Simons Machine Learning Center
at the New York Structural Biology Center
The Simons Machine Learning Center (SMLC) is a Simons Foundation funded initiative and is part of the Simons Electron Microscopy Center at the New York Structural Biology Center.
We are building a team of machine learning, computer vision, and computational biology experts to push the boundaries of machine learning and structural biology. Machine learning is transforming protein and structural biology, but new methods are needed to fully integrate machine learning into the structural biology workflow and to incorporate biophysical knowledge into our algorithms. Our mission is to develop machine learning algorithms and software for better understanding and predicting the structures of biological molecules and for linking those structures with functional properties. Our interests span algorithms for accelerating structure determination and image analysis to methods for modeling protein sequence, structure, function, and beyond. As part of NYSBC, we have unprecedented access to state-of-the-art instruments, technologists, and structural biologists.
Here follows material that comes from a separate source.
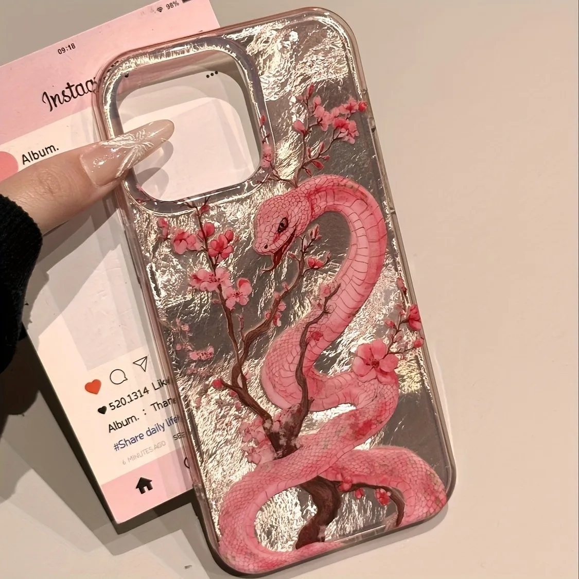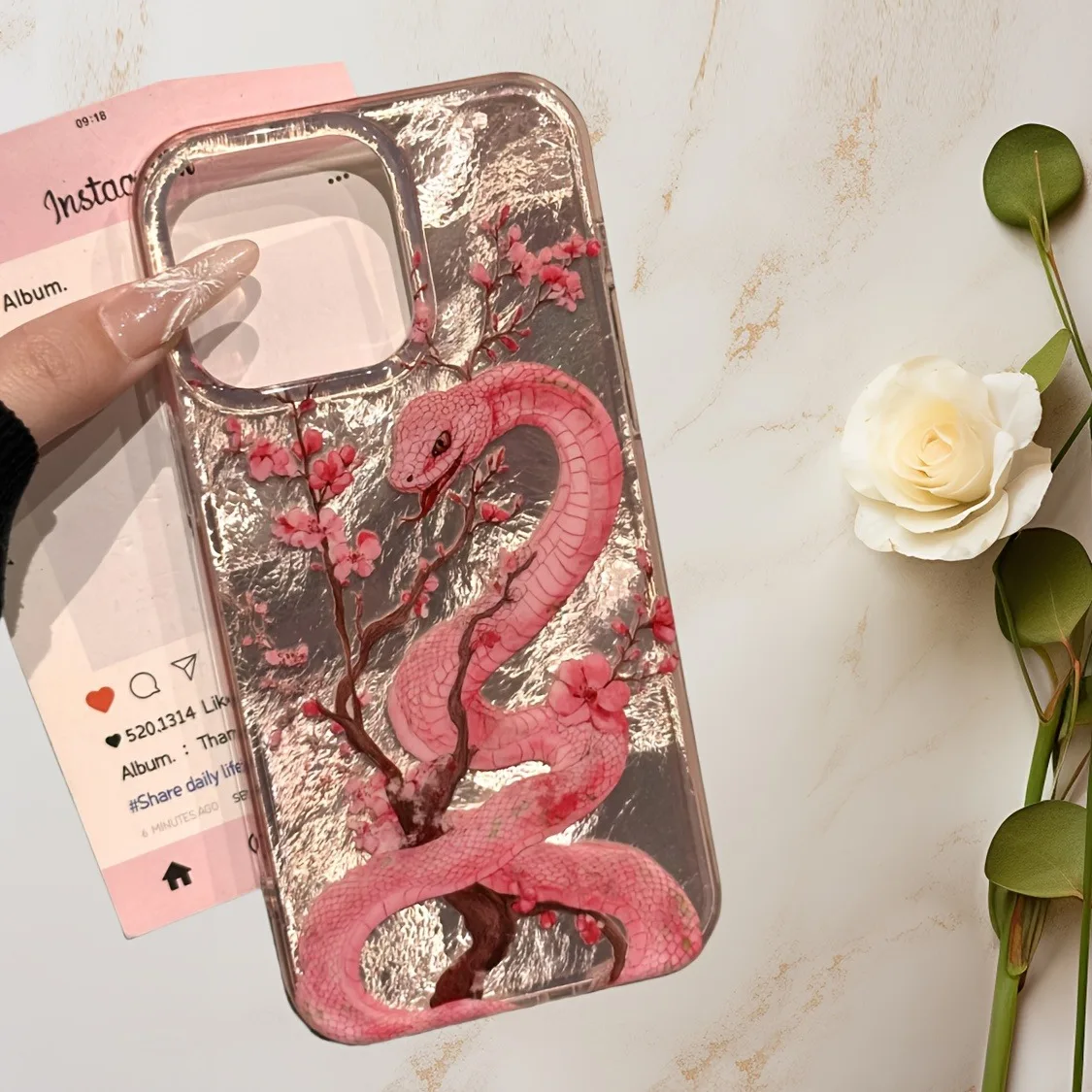 Illustration Plum Blossom Pink Snake Phone Case For iPhone 16 15 14

Learn more about our research.
Topaz and Topaz-Denoise
Topaz is a software package for particle picking in cryo-electron micrographs using convolutional neural networks and positive-unlabeled learning. Topaz is free and open source and contains pretrained general purpose particle picking models, a stand alone GUI, and cryoSPARC, RELION, and Scipion integration. Topaz now also includes neural networks for micrograph and tomogram denoising with Topaz-Denoise.
Spatial-VAE (continuous classification)
Spatial-VAE is a method for learning continuous latent variable models of images that are robust to uninteresting pose transformations (i.e. rotation and translation). This method is useful for continuous 2d classification of flexible proteins in cryoEM images and has been further developed into a complete 3d reconstruction solution in cryoDRGN by Ellen Zhong at MIT.